Your reply should reproduce the data below without a single alteration, apart from dropping the images.

### RECORDS FOR THE EXERCISE
--------------------
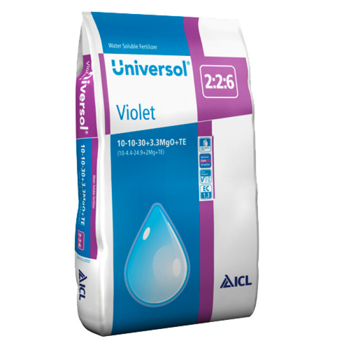 Universol Violet 10-10-30+3.3MgO+TE má vysoký obsah draslíku, který zajišťuje silný kompaktní růst, sytou barvu listů a správný vývoj květů. Produkt obsahuje NPK, Mg a kompletní řadu stopových prvků.
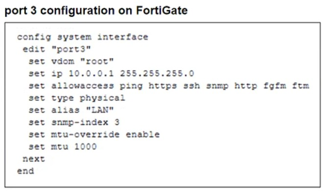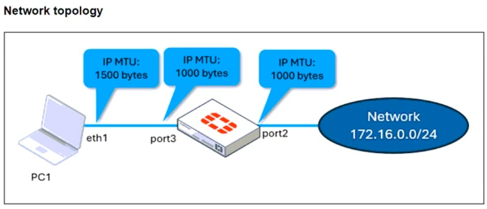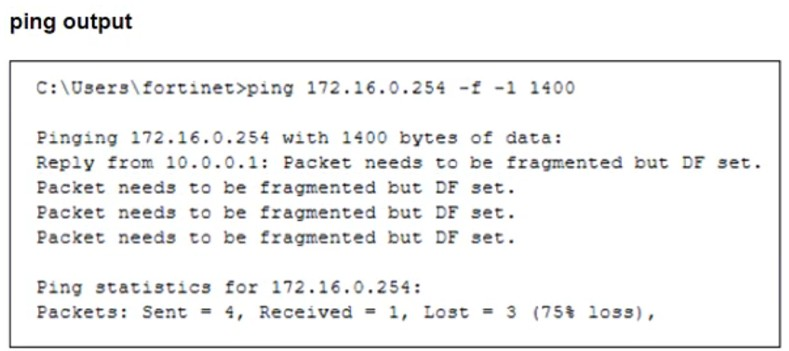 A. Option ip.flags.mf must be set to enable on FortiGate. The user has to adjust the ping MTU to 1000 to succeed.
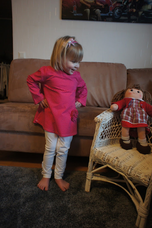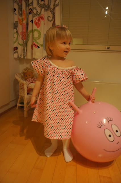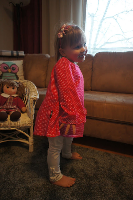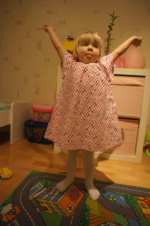 Ja sitten taas Alviina menee paremmin tunikasta. Pääntiekin on sopivamman kokoinen. Alviinan kangas on Eurokankaan puuvillapopliinia.
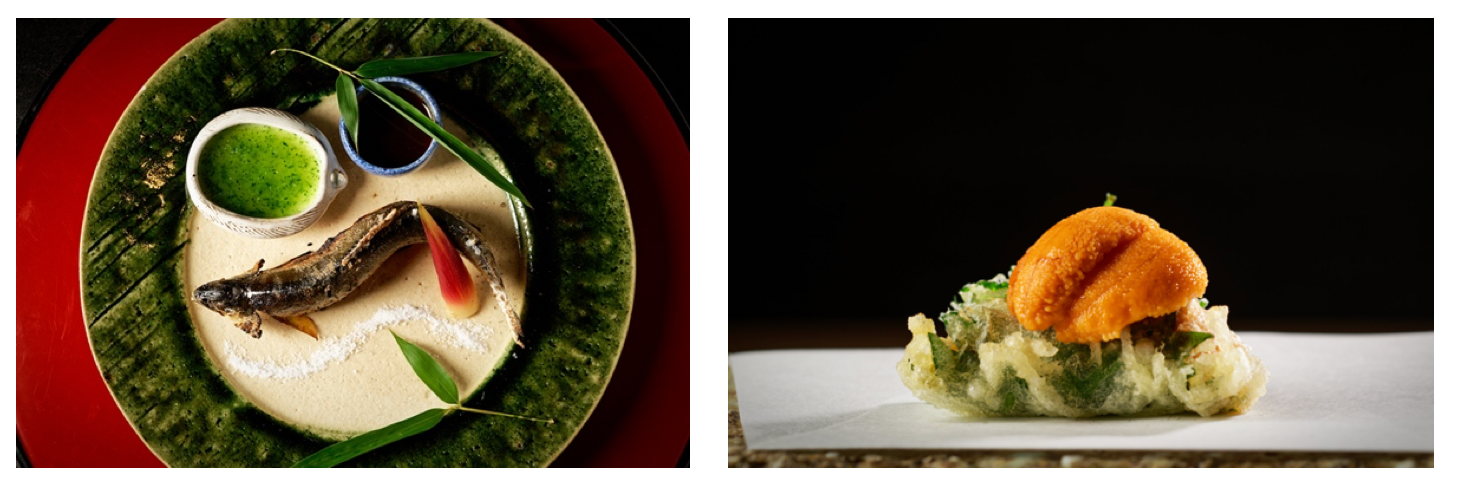 ❺焼物「鮎炉端焼き」、「鴨味噌麹幽庵焼き」 ❻凌ぎ「炭炙り〆鯖棒鮨」 ❼揚物「雲丹大葉天麩羅」
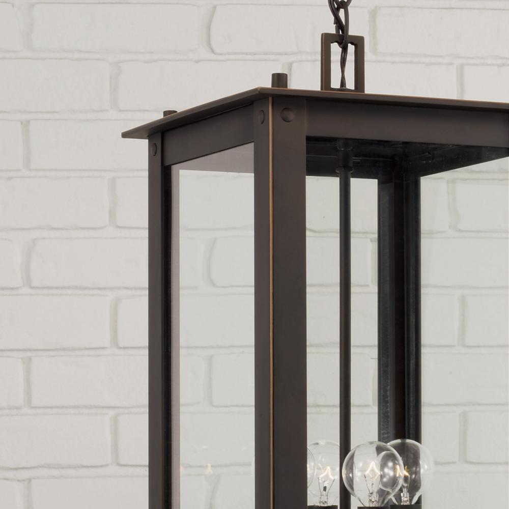 Clean and contemporary, the Hunt Hanging Lantern takes a modern approach to traditional style. The Oiled Bronze finish accents the striking frame and makes a statement in any outdoor space. Part of our Rain or Shine Collection and backed by our five-year warranty against rusting and fading.
--------------------
### SOLVED EXERCISE
 Universol Violet 10-10-30+3.3MgO+TE má vysoký obsah draslíku, který zajišťuje silný kompaktní růst, sytou barvu listů a správný vývoj květů. Produkt obsahuje NPK, Mg a kompletní řadu stopových prvků.
 A. Option ip.flags.mf must be set to enable on FortiGate. The user has to adjust the ping MTU to 1000 to succeed.
 Ja sitten taas Alviina menee paremmin tunikasta. Pääntiekin on sopivamman kokoinen. Alviinan kangas on Eurokankaan puuvillapopliinia.
 ❺焼物「鮎炉端焼き」、「鴨味噌麹幽庵焼き」 ❻凌ぎ「炭炙り〆鯖棒鮨」 ❼揚物「雲丹大葉天麩羅」
 Clean and contemporary, the Hunt Hanging Lantern takes a modern approach to traditional style. The Oiled Bronze finish accents the striking frame and makes a statement in any outdoor space. Part of our Rain or Shine Collection and backed by our five-year warranty against rusting and fading.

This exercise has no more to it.